6. Configure other interface properties.

   Table 8.

   Parameter Name	Description
   Bandwidth Upstream	For transmitted traffic, set the bandwidth above which to generate notifications. Range: 1 through (232 / 2) – 1 kbps
   Bandwidth Downstream	For received traffic, set the bandwidth above which to generate notifications. Range: 1 through (232 / 2) – 1 kbps
   IP MTU	Specify the maximum MTU size of packets on the interface. Range: 576 through 1804. Default: 1500 bytes
   TCP MSS	Specify the maximum segment size (MSS) of TPC SYN packets passing through the router. By default, the MSS is dynamically adjusted based on the interface or tunnel MTU such that TCP SYN packets are never fragmented. Range: 552 to 1460 bytes. Default: None
   TLOC Extension	Enter the name of the physical interface on the same router that connects to the WAN transport circuit. This configuration then binds this service-side interface to the WAN transport. A second router at the same site that itself has no direct connection to the WAN (generally because the site has only a single WAN connection) and that connects to this service-side interface is then provided with a connection to the WAN.
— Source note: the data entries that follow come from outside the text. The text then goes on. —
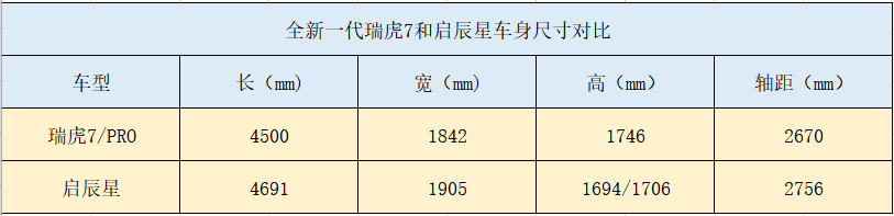 车身尺寸上,瑞虎7PRO的长宽高分别为4500/1842/1746mm,轴距为2670mm;启辰星的长宽高分别为4691/1905/1694(1706)mm,轴距为2756mm。
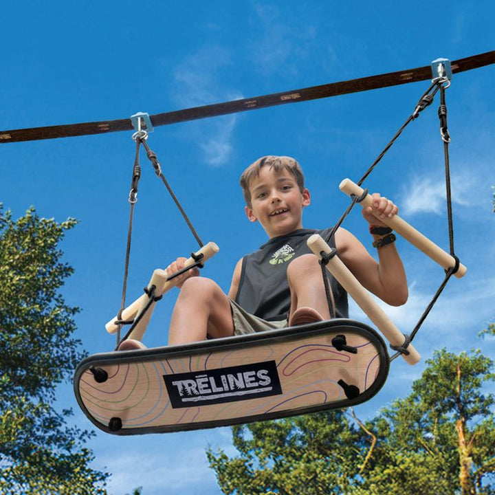 With the Surfin’ Swing, kids can carve through the air, feeling the rush of freedom as they soar higher and higher! Kids can twist, turn, and perform tricks mid-flight, all while suspended from sturdy ropes. Easily set up on Trelines’ Ninja Adventure, Swingset lines, or to a sturdy branch. Weight limit: 250 lbs Ages 5+
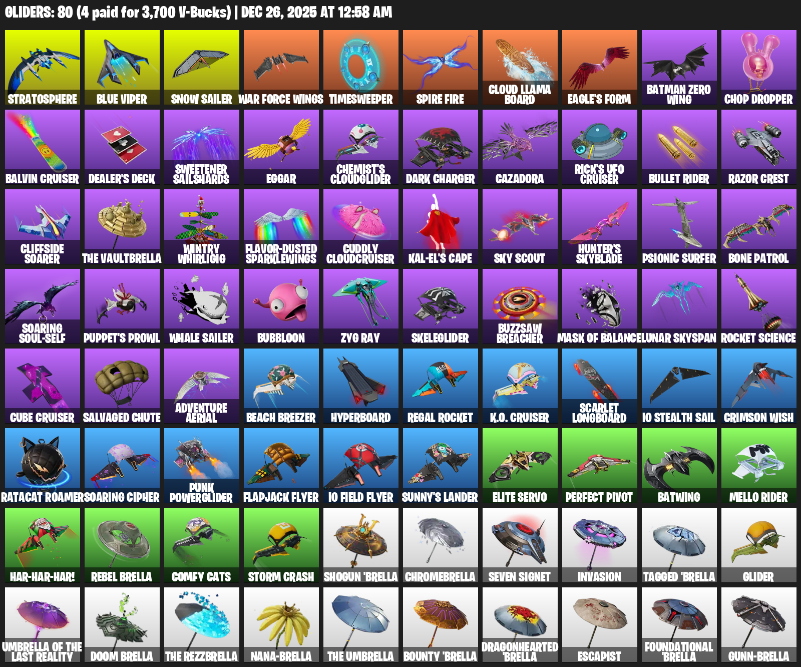 Stratosphere, Blue Viper, Snow Sailer, Timesweeper, Cloud Llama Board, Eagle’s Form, Batman Zero Wing, Chop Dropper, Balvin Cruiser, Dealer’s Deck, Sweetener Sailshards, Eggar, Chemist’s Cloudglider, Dark Charger, Cazadora, Bullet Rider, Razor Crest
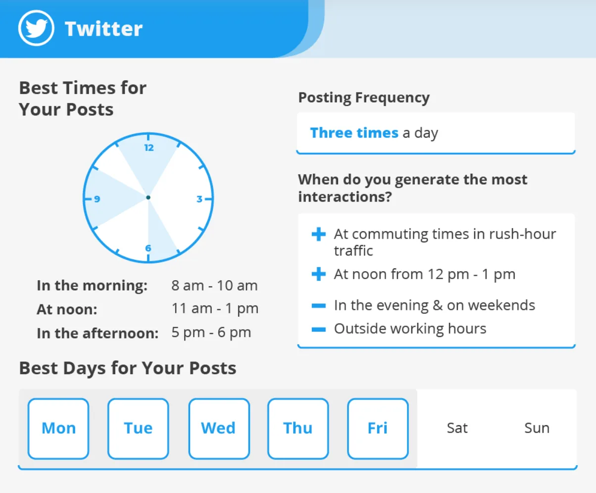 If you post on Twitter while your target audience is not active, you will not hit the bullseye. Use analytics to determine when users are most active and ready to interact with content. According to the universal statistics in terms of the best times to post on social media in 2021, you should pay attention to the following:
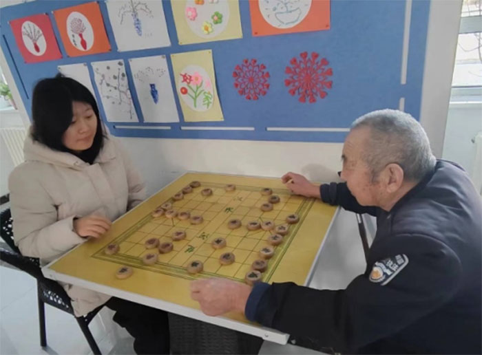 初到此地,“青春无限”实践团向工作人员表明来意。在工作人员安排下,了解了服务中心的环境和老人们的情况。面对实践团成员们的到来,老人们略显拘谨,但随着交流的深入,他们的脸上逐渐绽放出温暖的笑容。每天午饭时间后,实践团成员们会陪老人们一起下棋、聊天,听他们讲述过去的故事,也向他们分享了大学校园里的生活。这种跨越年龄的交流,给老人们带来了活力和欢乐。
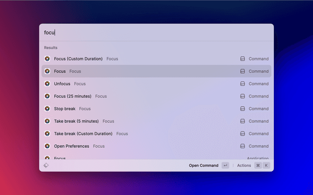 The Focus extension allows you to manage Focus app directly in Raycast.

   Tracker	Enter the name of a tracker to track the status of transport interfaces that connect to the internet.
   IP Directed-Broadcast	Enables translation of a directed broadcast to physical broadcasts. An IP directed broadcast is an IP packet whose destination address is a valid broadcast address for some IP subnet but which originates from a node that is not itself part of that destination subnet.